**How to complete this task:** Would you quote the material below from its first line through the line containing "搭建中外交流平台、促进文明互", exactly and with both ends included?

**Dataset content:**
►

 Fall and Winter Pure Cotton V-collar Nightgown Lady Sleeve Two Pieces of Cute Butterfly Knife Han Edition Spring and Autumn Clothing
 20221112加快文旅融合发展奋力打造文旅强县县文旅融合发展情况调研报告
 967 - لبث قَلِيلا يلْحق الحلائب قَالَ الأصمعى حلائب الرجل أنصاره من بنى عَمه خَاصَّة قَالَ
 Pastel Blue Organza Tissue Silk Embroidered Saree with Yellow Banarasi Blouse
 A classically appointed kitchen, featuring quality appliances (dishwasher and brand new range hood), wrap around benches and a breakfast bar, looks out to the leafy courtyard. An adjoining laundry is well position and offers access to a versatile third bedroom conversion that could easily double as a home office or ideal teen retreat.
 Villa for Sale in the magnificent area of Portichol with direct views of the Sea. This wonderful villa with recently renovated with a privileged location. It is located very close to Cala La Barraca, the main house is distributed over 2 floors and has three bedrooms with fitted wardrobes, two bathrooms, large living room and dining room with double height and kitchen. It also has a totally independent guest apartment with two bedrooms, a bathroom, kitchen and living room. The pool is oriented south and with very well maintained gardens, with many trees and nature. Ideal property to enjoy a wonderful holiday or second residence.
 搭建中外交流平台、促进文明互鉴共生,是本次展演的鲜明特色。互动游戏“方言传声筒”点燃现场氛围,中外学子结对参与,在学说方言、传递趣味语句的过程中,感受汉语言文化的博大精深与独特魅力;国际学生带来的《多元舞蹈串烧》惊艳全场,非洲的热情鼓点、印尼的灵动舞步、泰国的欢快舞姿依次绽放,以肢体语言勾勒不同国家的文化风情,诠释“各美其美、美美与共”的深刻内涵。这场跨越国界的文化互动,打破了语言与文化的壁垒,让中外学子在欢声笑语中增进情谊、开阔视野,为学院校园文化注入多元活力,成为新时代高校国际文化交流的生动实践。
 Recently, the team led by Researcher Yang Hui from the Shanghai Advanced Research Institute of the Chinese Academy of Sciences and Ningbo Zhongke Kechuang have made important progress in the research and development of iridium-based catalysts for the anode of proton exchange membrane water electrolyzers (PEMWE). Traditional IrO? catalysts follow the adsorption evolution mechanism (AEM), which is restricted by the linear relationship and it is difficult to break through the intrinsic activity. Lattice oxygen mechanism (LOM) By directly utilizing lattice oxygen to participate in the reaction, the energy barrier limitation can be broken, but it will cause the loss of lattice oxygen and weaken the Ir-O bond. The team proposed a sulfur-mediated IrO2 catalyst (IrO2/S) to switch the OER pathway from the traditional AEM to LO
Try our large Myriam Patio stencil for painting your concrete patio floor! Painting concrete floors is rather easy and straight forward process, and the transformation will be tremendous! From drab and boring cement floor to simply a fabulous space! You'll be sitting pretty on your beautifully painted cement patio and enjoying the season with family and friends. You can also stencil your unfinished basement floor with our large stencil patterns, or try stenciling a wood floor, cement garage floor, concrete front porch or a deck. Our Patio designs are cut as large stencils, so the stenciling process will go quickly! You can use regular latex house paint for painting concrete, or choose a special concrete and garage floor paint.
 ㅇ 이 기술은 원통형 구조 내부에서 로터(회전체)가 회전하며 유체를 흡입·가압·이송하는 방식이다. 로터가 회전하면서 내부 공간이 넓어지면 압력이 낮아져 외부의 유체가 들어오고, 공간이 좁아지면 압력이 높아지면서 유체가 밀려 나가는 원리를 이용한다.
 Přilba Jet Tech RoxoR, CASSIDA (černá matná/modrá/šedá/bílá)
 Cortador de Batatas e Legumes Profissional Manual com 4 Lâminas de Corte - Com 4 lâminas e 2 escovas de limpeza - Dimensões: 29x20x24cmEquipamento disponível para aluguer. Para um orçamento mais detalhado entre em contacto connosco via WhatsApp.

◄

**Result of the exercise:**
 Fall and Winter Pure Cotton V-collar Nightgown Lady Sleeve Two Pieces of Cute Butterfly Knife Han Edition Spring and Autumn Clothing
 20221112加快文旅融合发展奋力打造文旅强县县文旅融合发展情况调研报告
 967 - لبث قَلِيلا يلْحق الحلائب قَالَ الأصمعى حلائب الرجل أنصاره من بنى عَمه خَاصَّة قَالَ
 Pastel Blue Organza Tissue Silk Embroidered Saree with Yellow Banarasi Blouse
 A classically appointed kitchen, featuring quality appliances (dishwasher and brand new range hood), wrap around benches and a breakfast bar, looks out to the leafy courtyard. An adjoining laundry is well position and offers access to a versatile third bedroom conversion that could easily double as a home office or ideal teen retreat.
 Villa for Sale in the magnificent area of Portichol with direct views of the Sea. This wonderful villa with recently renovated with a privileged location. It is located very close to Cala La Barraca, the main house is distributed over 2 floors and has three bedrooms with fitted wardrobes, two bathrooms, large living room and dining room with double height and kitchen. It also has a totally independent guest apartment with two bedrooms, a bathroom, kitchen and living room. The pool is oriented south and with very well maintained gardens, with many trees and nature. Ideal property to enjoy a wonderful holiday or second residence.
 搭建中外交流平台、促进文明互鉴共生,是本次展演的鲜明特色。互动游戏“方言传声筒”点燃现场氛围,中外学子结对参与,在学说方言、传递趣味语句的过程中,感受汉语言文化的博大精深与独特魅力;国际学生带来的《多元舞蹈串烧》惊艳全场,非洲的热情鼓点、印尼的灵动舞步、泰国的欢快舞姿依次绽放,以肢体语言勾勒不同国家的文化风情,诠释“各美其美、美美与共”的深刻内涵。这场跨越国界的文化互动,打破了语言与文化的壁垒,让中外学子在欢声笑语中增进情谊、开阔视野,为学院校园文化注入多元活力,成为新时代高校国际文化交流的生动实践。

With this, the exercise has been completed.